Data for processing:

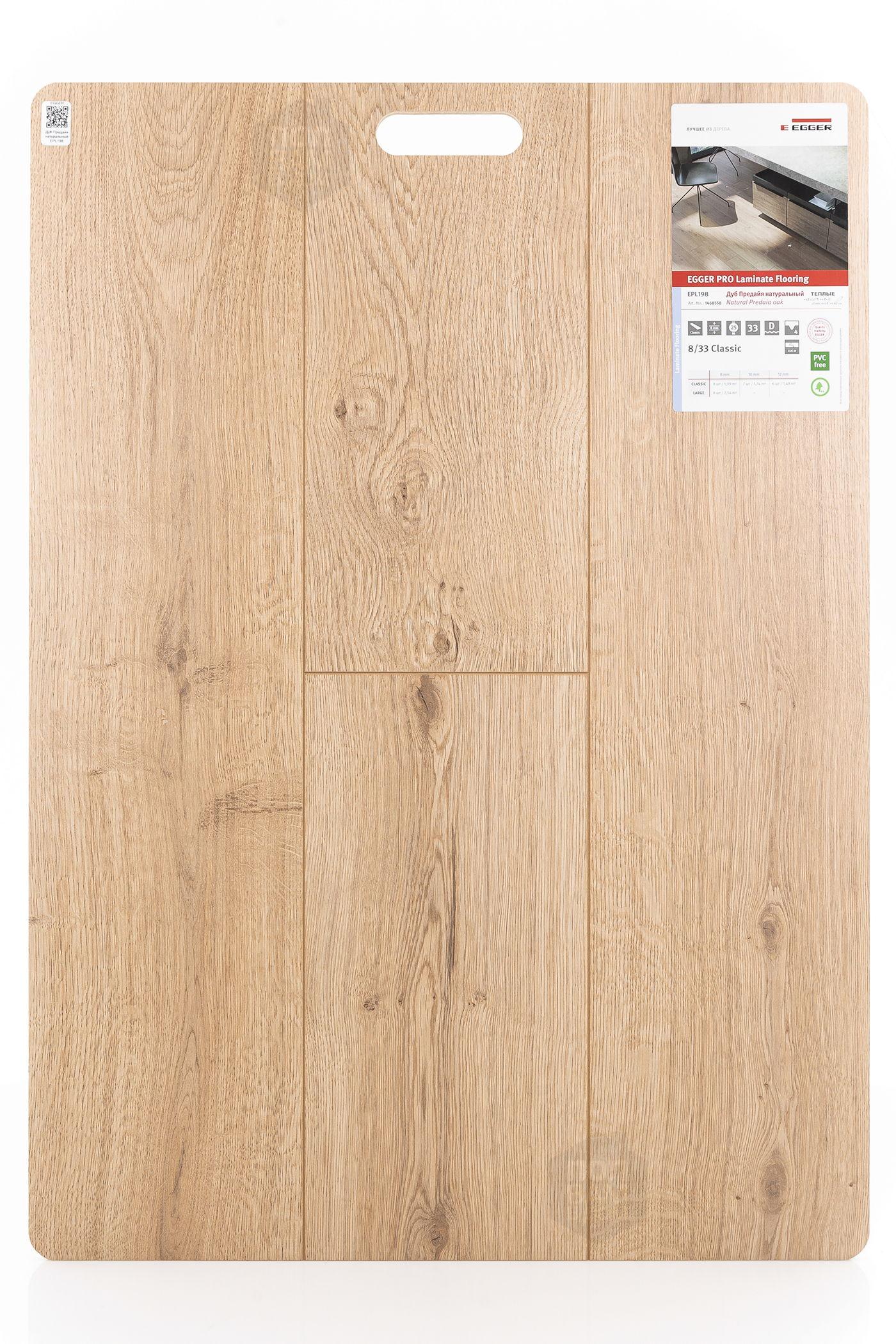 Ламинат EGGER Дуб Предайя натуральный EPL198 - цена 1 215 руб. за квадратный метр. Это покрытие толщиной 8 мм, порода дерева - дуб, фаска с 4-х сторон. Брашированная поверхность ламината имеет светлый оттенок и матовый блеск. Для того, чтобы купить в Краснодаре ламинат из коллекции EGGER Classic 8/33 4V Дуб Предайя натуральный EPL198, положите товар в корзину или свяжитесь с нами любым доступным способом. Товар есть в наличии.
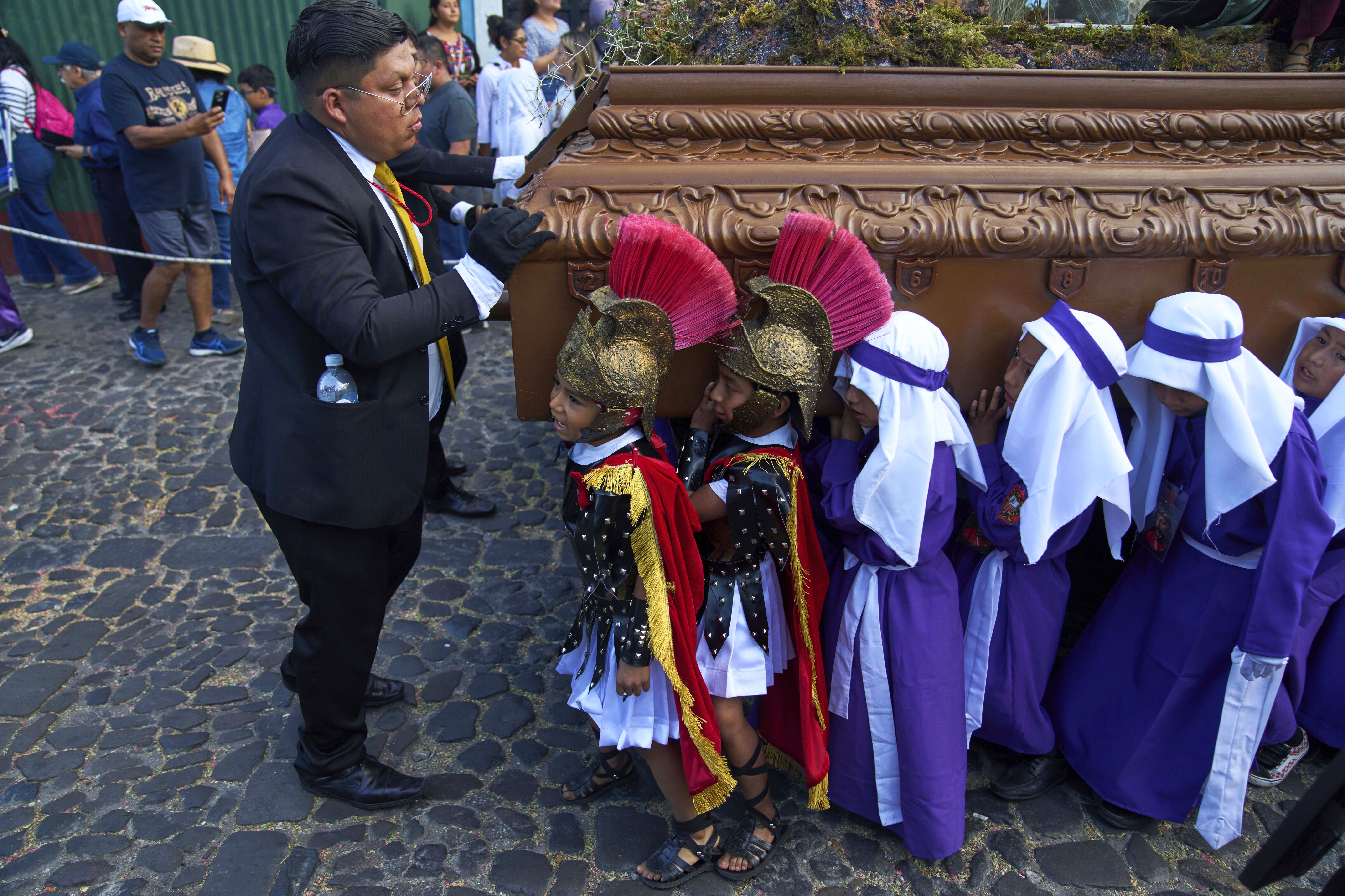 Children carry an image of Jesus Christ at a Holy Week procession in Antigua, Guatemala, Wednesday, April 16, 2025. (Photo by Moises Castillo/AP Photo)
==
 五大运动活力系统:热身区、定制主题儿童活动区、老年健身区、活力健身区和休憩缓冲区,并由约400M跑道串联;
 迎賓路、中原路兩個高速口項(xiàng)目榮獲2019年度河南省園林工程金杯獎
==
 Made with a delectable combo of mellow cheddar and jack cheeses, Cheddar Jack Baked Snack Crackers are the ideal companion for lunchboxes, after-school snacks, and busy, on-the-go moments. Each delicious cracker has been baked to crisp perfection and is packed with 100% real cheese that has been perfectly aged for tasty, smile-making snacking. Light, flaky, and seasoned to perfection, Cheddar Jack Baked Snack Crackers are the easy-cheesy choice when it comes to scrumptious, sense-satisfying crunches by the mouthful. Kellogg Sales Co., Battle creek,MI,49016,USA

What is needed: Starting with the line that holds "五大运动活力系统:热身区、定" and ending with the line that holds "迎賓路、中原路兩個高速口項(xiàng)目榮獲2019年度河南省園林工程金杯獎", retype every line in the data above exactly, and nothing else.

Response to this exercise:
 五大运动活力系统:热身区、定制主题儿童活动区、老年健身区、活力健身区和休憩缓冲区,并由约400M跑道串联;
 迎賓路、中原路兩個高速口項(xiàng)目榮獲2019年度河南省園林工程金杯獎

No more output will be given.